Polymer Upgrading and Processing
Polymer upcycling, in which low-value plastic waste is converted into high-value plastic for additional use, is an approach to extend the useful lifetime of a material, thereby reducing plastic waste and energy consumption. The sulfonation of waste aromatic polymers, such as polystyrene, is particularly interesting for creating electrically active plastics. In this collection, Kayser and co-workers [DOI: 10.1021/jacsau.4c00355] developed a sulfonation method capable of achieving a high degree of sulfonation with no side reactions using a sulfonic acid–base ionic liquid. The approach can sulfonate polystyrene up to 92%. In a demonstration of upcycling, sulfonated waste polystyrene was integrated into an organic electrochemical transistor, which showed performance consistent with devices using neat, nonwaste polystyrene. Finally, hierarchically structured carbon materials may be used in various applications ranging from energy conversion to storage. However, the production of structured carbon remains a challenge. In a Perspective, Lu, DeSimone, and co-workers [DOI: 10.1021/jacsau.4c00555] reviewed the challenges and opportunities of merging additive manufacturing and pyrolysis to produce structured carbon. The Perspective discussed the effects of chemistry, additives, and pyrolysis conditions on the resulting carbon structure. By combining the continuous liquid interface production vat photopolymerization with pyrolysis, the future of new structures and technologies is bright.

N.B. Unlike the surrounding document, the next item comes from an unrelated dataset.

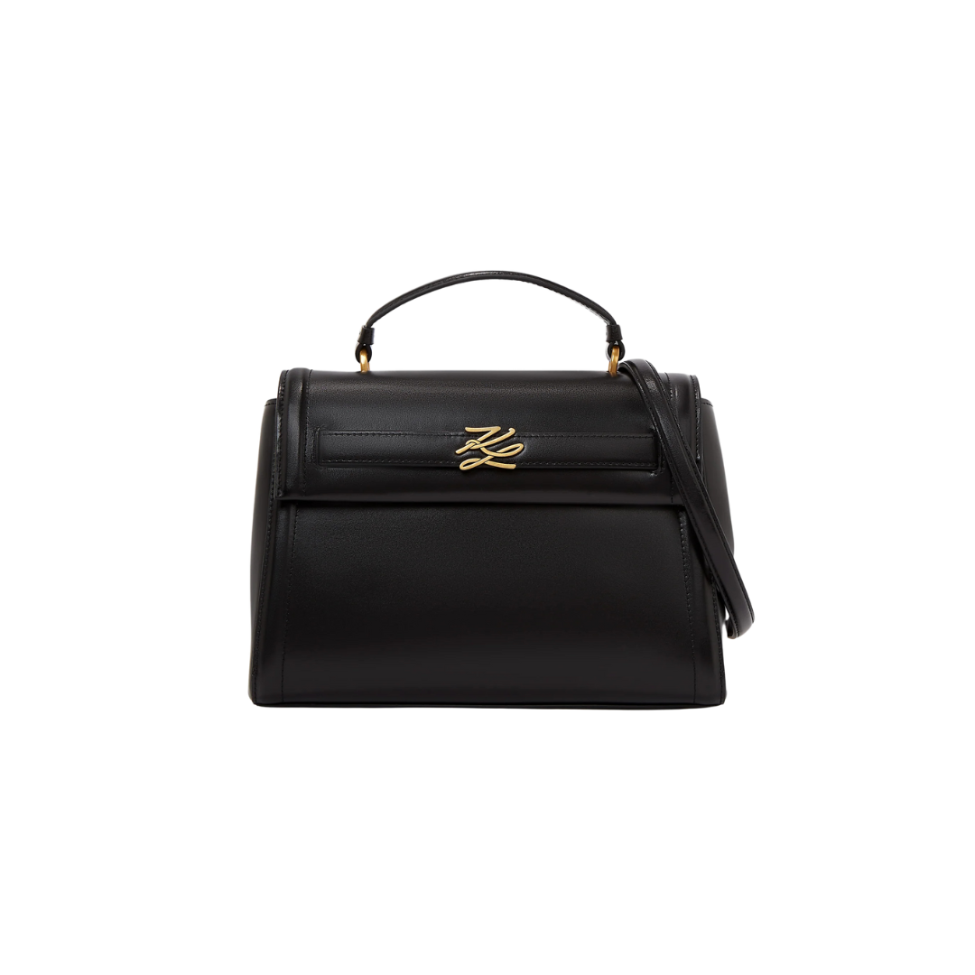 Crafted from premium Italian leather, this timeless top handle bag is accented by elegant Karl Autograph hardware. Featuring a sleek flap closure and a versatile crossbody strap, it blends sophistication with practicality.

As the above collection of articles in this Virtual Special Issue demonstrates, polymers will play a diverse and important role in the clean energy transition. They will touch nearly every aspect of the clean energy transition from energy generation to energy storage to improving energy efficiency. Relatedly, new science and technology will reduce the energy required to produce polymers and extend their useful lifetime. Taken together, we remain in a plastic age. With correct societal management (as INC-5 negotiations [https://www.unep.org/inc-plastic-pollution/session-5], toward an international agreement on plastic pollution, draws to a close), plastics can transform from a material known primarily as a “throwaway” material toward a class of materials that will enable a new age, i.e., the age of clean energy.
Views expressed in this editorial are those of the authors and not necessarily the views of the ACS.